In an interlocutory appeal, the Ninth Circuit reversed the district court’s denial of Defendants’ motion to dismiss an action alleging due process violations and seeking damages pursuant to Bivens v. Six Unknown Named Agents of the Federal Bureau of Narcotics, 403 U.S. 388 (1971). The panel held that Plaintiff had no claim for money damages under Bivens. Here, Plaintiff’s claims arose in a different context than what the Court has recognized. Congress has also already provided a remedy in this context under the Civil Service Reform Act of 1978. Because this case involves an alternative remedial structure, this case exists in a novel context outside the preexisting Bivens framework. Extending Bivens here would risk impermissible intrusion into the functioning of both the Legislative and Executive Branches.

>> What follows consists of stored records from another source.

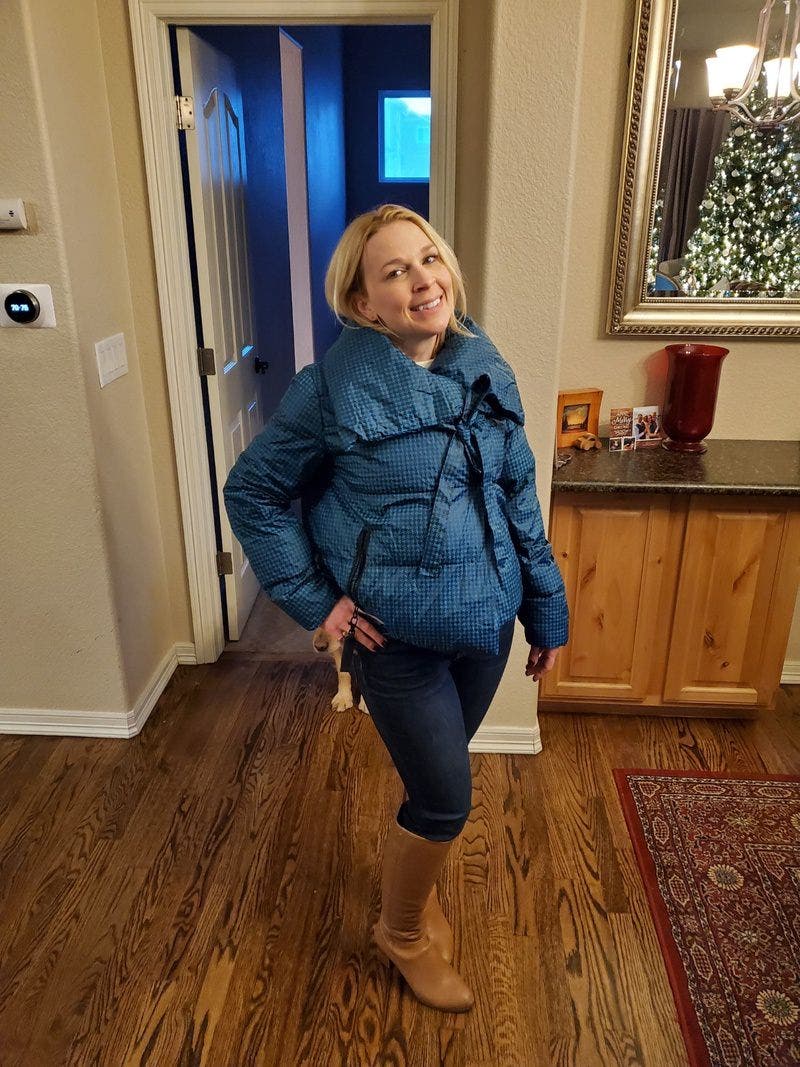 Blue check printed polyamide (100% Polyamide). Jacket. Long sleeves. High neck. Hidden front snap closure. Tie at neckline. Fully lined. Side pockets. 21.65" from shoulder to hemline. Imported.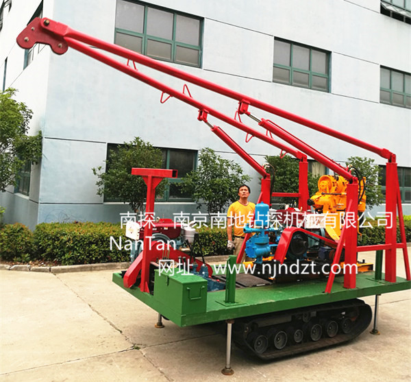一、適用范圍:該履帶底盤承載重量達(dá)4T,可以裝載各種小型鉆機(jī),如:XY-1-1、XY-1、XY-1A、XY-1A(YJ)、XY-1A-4、XY-1A-5、XY-1B、XY-200、XY-200(YJ)、XY-200-1、XY-200-2、XY-200A、XY-200A(YJ)、XY-200A-1、XY-200A-2、XY-200B、GXY-1、GXY-1A、GXY-1B、GXY-1C、GXY-2K、GXY-2Q、GXY-200B、GYQ-200、GYQ-200A、GXY-2C、GK180、KD100-4、KD150等,并可同時(shí)裝載BW160、BW160A、BW200或BW200A型泥漿泵,具有液壓自動(dòng)起落鉆塔、行走方便等特點(diǎn),廣泛適用于公路、鐵路、水電、橋梁、壩基等的工程地質(zhì)勘察、地質(zhì)巖芯鉆探、物理勘察、小型灌漿孔、爆破孔、水井孔和空調(diào)孔的鉆進(jìn)??稍诤?、河灘、沙地、水田等惡劣環(huán)境開展靜探作業(yè),結(jié)冰道路仍可行走。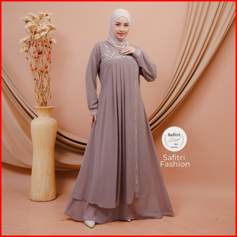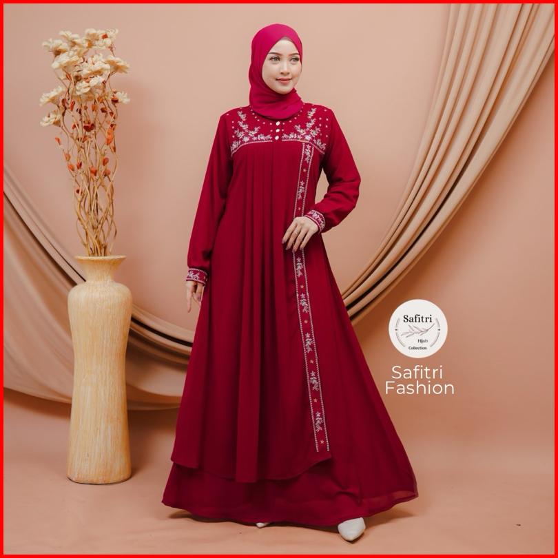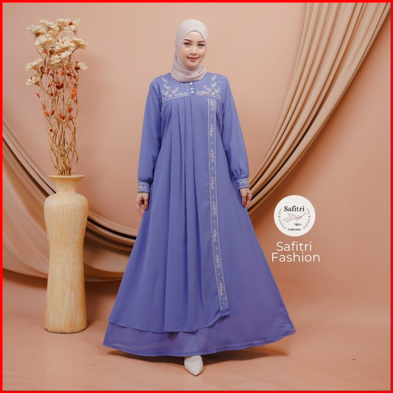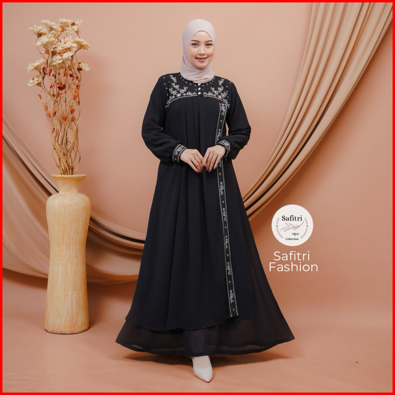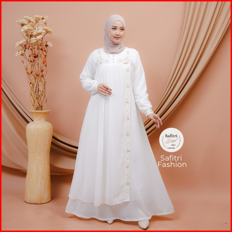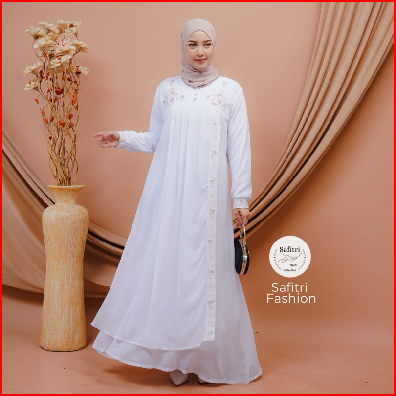 Jasmine Dress Gamis Bahan Ceruty Babydol Kombinasi Bordir Mewah Kondangan Pesta Lebaran Manasik Haji Umroh Ihram Fashion
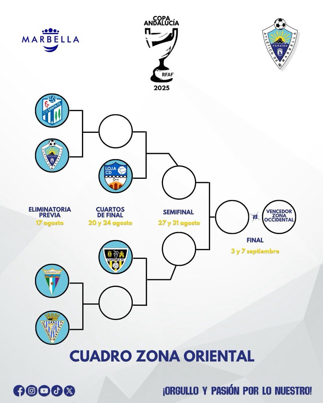 El Atlético Marbella Paraíso ha comenzado más temprano que nunca la pretemporada. Desde el 1 de julio el cuadro de Chechu Rodríguez se encuentra en dinámica de entrenamientos. La intención del cuadro albiceleste pasa por llegar en el mejor estado posible al inicio de la Copa Andalucía que tendrá lugar en torno al 17 de agosto. El cuadro marbellí deberá superar 5 rondas para asegurar su participación en la Copa del Rey. En total, 9 partidos para ganar ritmo de competición y ver a los nuevos fichajes. La primera eliminatoria tendrá lugar ante el Santa Fe. El ganador del duelo se medirá al Loja a ida y vuelta el 20 y 24 de agosto.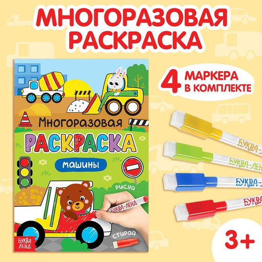 • Раскраска детская Рисуй-стирай. Машины, 12 стр., многоразовая, с маркерами, 3+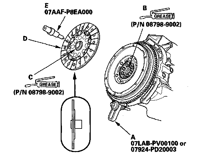 4. Apply super high temp urea grease (P/N 08798-9002) to the splines (C) of the clutch disc (D), then install the clutch disc using the clutch alignment shaft (E).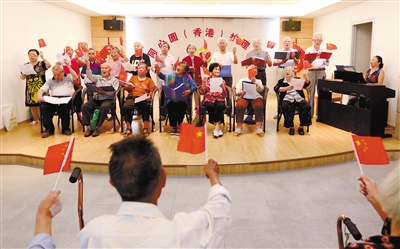 13日,同心圆(香港)护理院老年合唱队演唱《我和我的祖国》。 记者 郭亦斌 曾志明 摄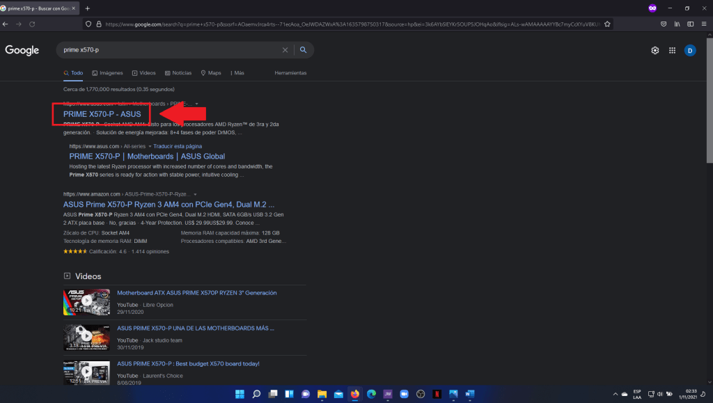 - Buscaremos el modelo de nuestra tarjeta madre.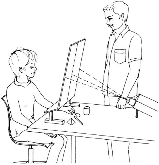 Abb. Lateralität, zerebrale. Experimentelle Anordnung für die Untersuchung lateralisierter Verarbeitung von Reizen. Visuelle Stimuli werden über Dias in die entsprechende Hirnhälfte projiziert, und die Probanden müssen die Gegenstände durch Tasten hinter einer Blende erkennen.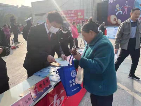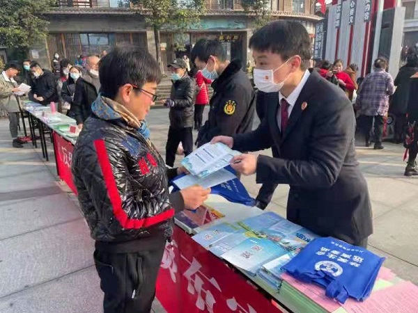 在一片和煦的冬日暖阳照耀下,雅安市芦山县2021年“宪法宣传周”启动仪式暨12.4国家宪法日集中宣传活动拉开了帷幕。芦山县人民检察院积极响应县依法治县委员会号召,早早地来到活动场地,支起了宪法宣传的检察“摊”。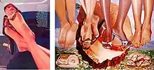 In 2000, Andrea Blanch, a veteran fashion photographer whose work had been published in many magazines and books of her own, was commissioned by Allure magazine to take pictures that would illustrate an article about glittery nail polish. While the magazine's creative director suggested the model to use, the brand of nail polish and the jewel-encrusted silk Gucci sandals she wore, Blanch chose the camera and film and lit the scene based on her years of experience. She came up with the idea to pose the model's feet, her legs crossed, on a man's legs in an airplane seat, to give it a slightly erotic sensibility. A picture of the model's feet in tight closeup was used in the magazine's July issue of that year; Blanch was paid US$750[23] ($1,300 in 2022[24]).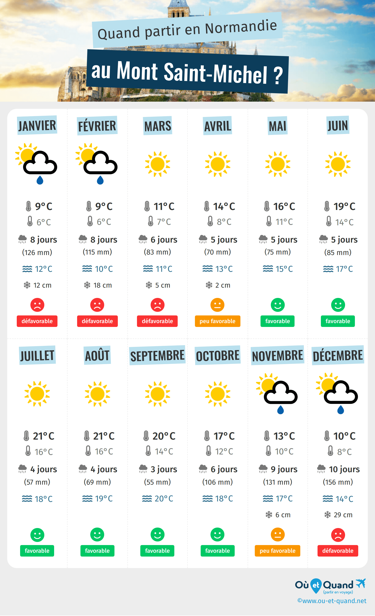 Quand partir au Mont Saint-Michel ? Voici quelques informations statistiques sur la météo au Mont Saint-Michel pour vous aider à trouver la meilleure période pour votre voyage :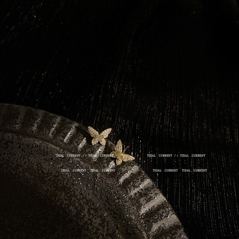 Sシルバーニードルマイクロインレイジルコンバタフライイヤリング、ライトラグジュアリースーパーフェアリーイヤリング、ハイエンドイヤリングEHE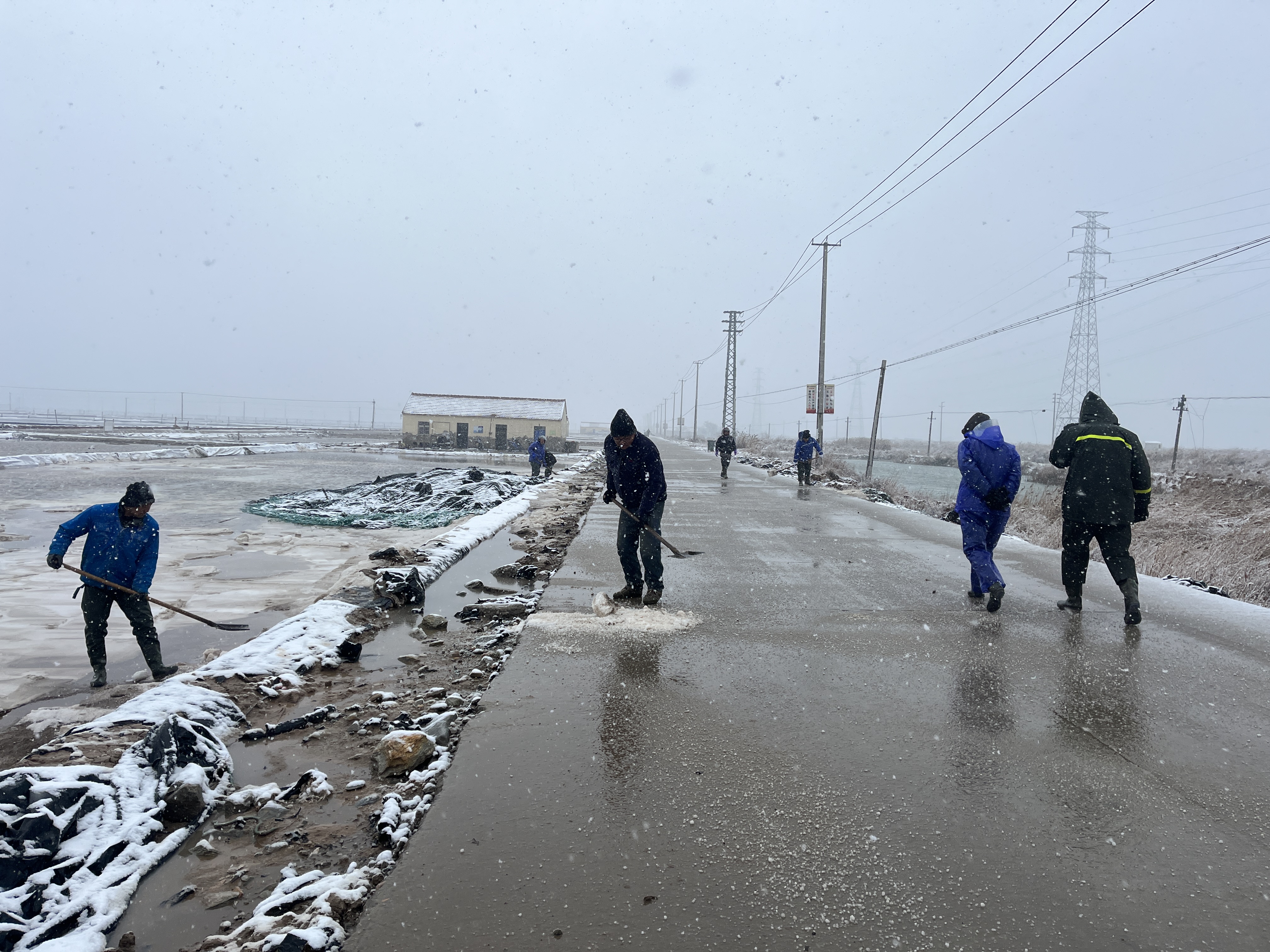 以雪為令,全力奔赴清雪戰(zhàn)一線。隨著降雪量增大,采取“人工+機(jī)械”的作業(yè)方式,使用自產(chǎn)原鹽融雪劑對(duì)轄區(qū)中二圩居民點(diǎn)、鹽灘內(nèi)部道路、辦公區(qū)域等20余條主次干道不間斷地毯式清雪除冰作業(yè)。清雪現(xiàn)場(chǎng),大家不畏嚴(yán)寒,積極行動(dòng),鏟的鏟、推的推,干得熱火朝天,開辟出一條方便群眾出行的“安全路”。截止目前,已累計(jì)出動(dòng)車輛30余臺(tái)次,300余人次參與清雪除冰行動(dòng),確保職工群眾“雪中通行,雪后路清”。

Court Description: Civil Rights/Bivens In an interlocutory appeal, the panel reversed the district court’s denial of defendants’ motion to dismiss an action alleging due process violations and seeking damages pursuant to Bivens v. Six Unknown Named Agents of the Federal Bureau of Narcotics, 403 U.S. 388 (1971).
David Harper, a former Bureau of Land Management (“BLM”) Law Enforcement Ranger in Idaho, challenged adverse employment actions taken against him by the Department of the Interior and BLM officials. He sued defendants alleging a violation of his Fifth Amendment right to due process.
The panel held that Harper had no claim for money damages under Bivens. Citing Egbert v. Boule, 142 S. Ct. 1793 (2022), the panel stated that the Supreme Court means what it says: Bivens claims are limited to the three contexts the Court has previously recognized and are not to be extended unless the Judiciary is better suited than Congress to provide a remedy. Here, Harper’s claims arose in a different context than what the Court has recognized. Congress has also already provided a remedy in this context under the Civil Service Reform Act of 1978. Because this case involves an alternative remedial structure, this case exists in a novel context outside the preexisting Bivens framework. Extending Bivens here would risk impermissible intrusion into the functioning of both the Legislative and Executive Branches.